Task to carry out. Write out the listing below character for character, though without its pictures.

(Source data)

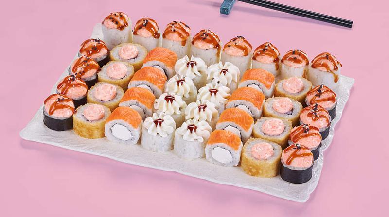 Состав: Филадельфия лайт (8 шт.), Белоснежка (8 шт.), Нежный с курицей (8 шт.), Южный (8 шт.), Беби (8 шт.) *Не забудьте заказать имбирь, васаби и соевый соус. Они не входят в стоимость заказа.
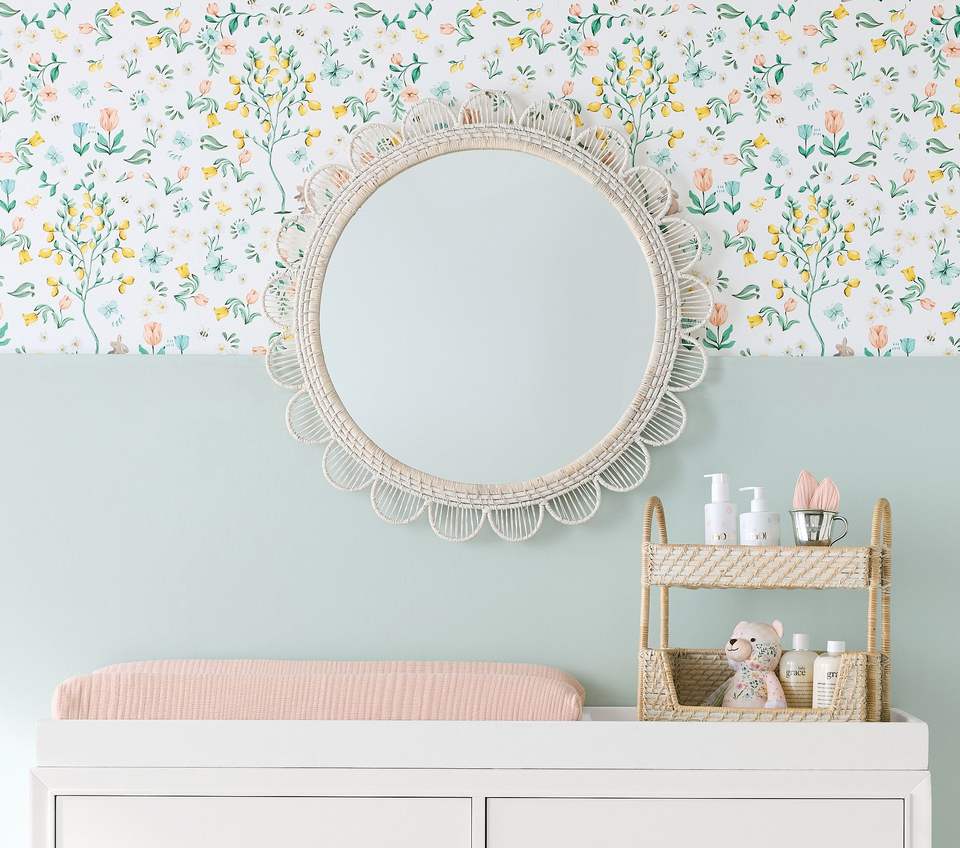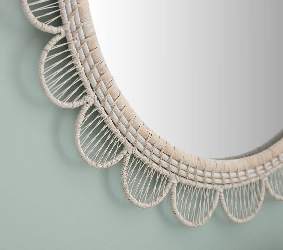 Espejo de Pared Decorativo de Mimbre Hecho a Mano con Marco de Ratán, Estilo Boho, para Decoración del Hogar, Dormitorio, Sala de Estar
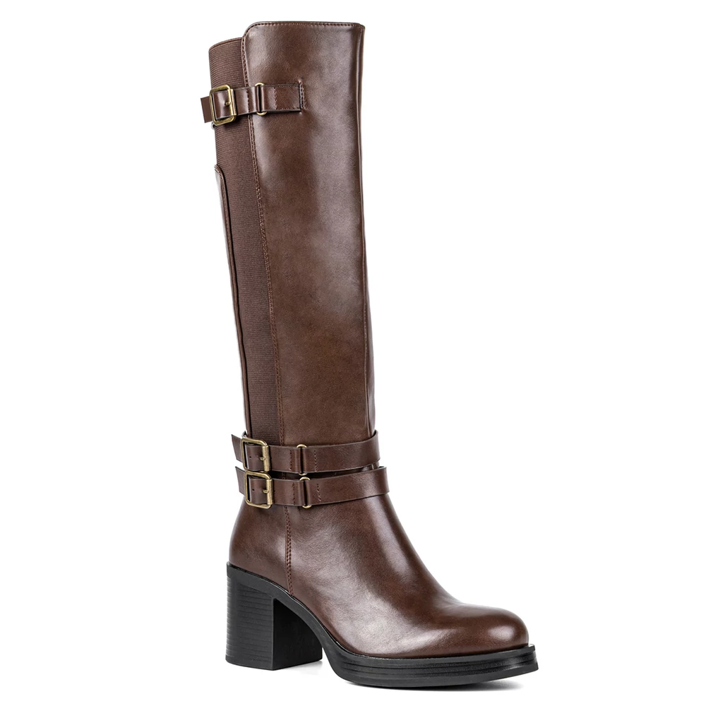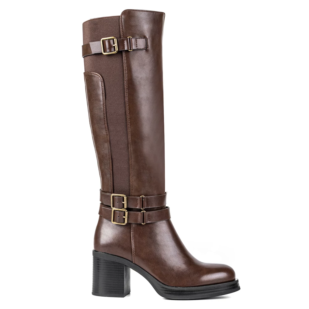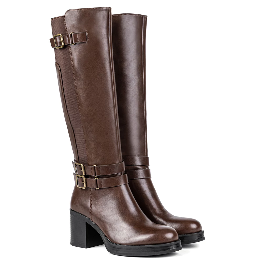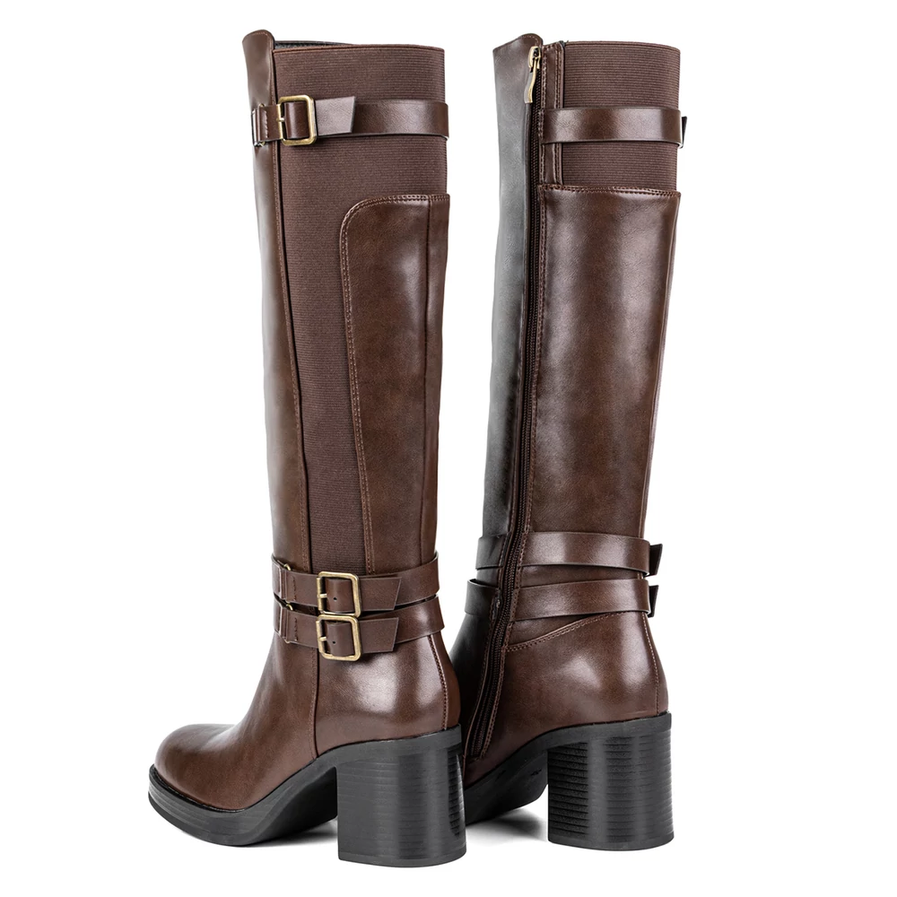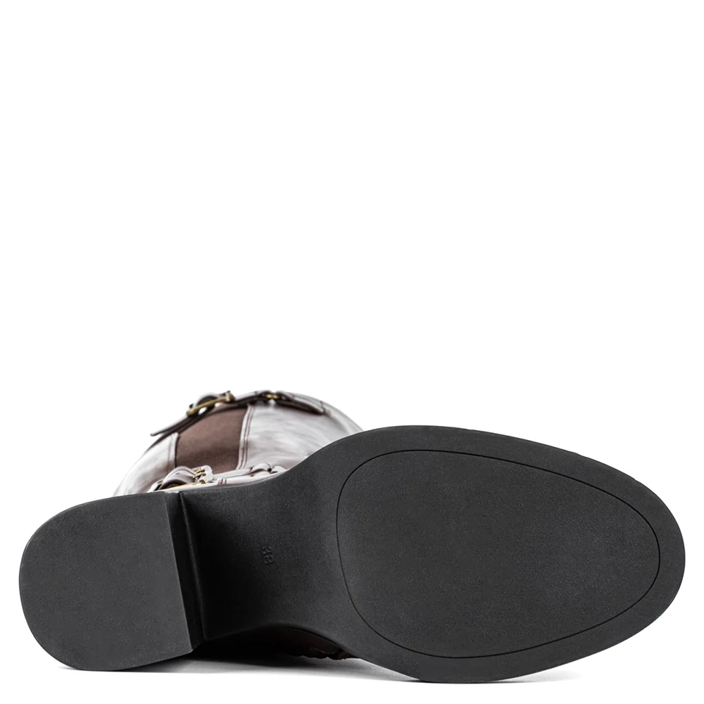 Elegáns, hosszú szárú fazon, amelyet dekoratív csatok emelnek ki. Stabil, vastag sarokkal és csúszásgátló talppal készült, így kényelmes választás mindennapi viselethez. Oldalsó cipzárja a praktikus felvételt segíti, meleg bélése pedig gondoskodik a komfortérzetről a hűvösebb napokon is.

(End Source data)

Exercise response.
 Состав: Филадельфия лайт (8 шт.), Белоснежка (8 шт.), Нежный с курицей (8 шт.), Южный (8 шт.), Беби (8 шт.) *Не забудьте заказать имбирь, васаби и соевый соус. Они не входят в стоимость заказа.
 Espejo de Pared Decorativo de Mimbre Hecho a Mano con Marco de Ratán, Estilo Boho, para Decoración del Hogar, Dormitorio, Sala de Estar
 Elegáns, hosszú szárú fazon, amelyet dekoratív csatok emelnek ki. Stabil, vastag sarokkal és csúszásgátló talppal készült, így kényelmes választás mindennapi viselethez. Oldalsó cipzárja a praktikus felvételt segíti, meleg bélése pedig gondoskodik a komfortérzetről a hűvösebb napokon is.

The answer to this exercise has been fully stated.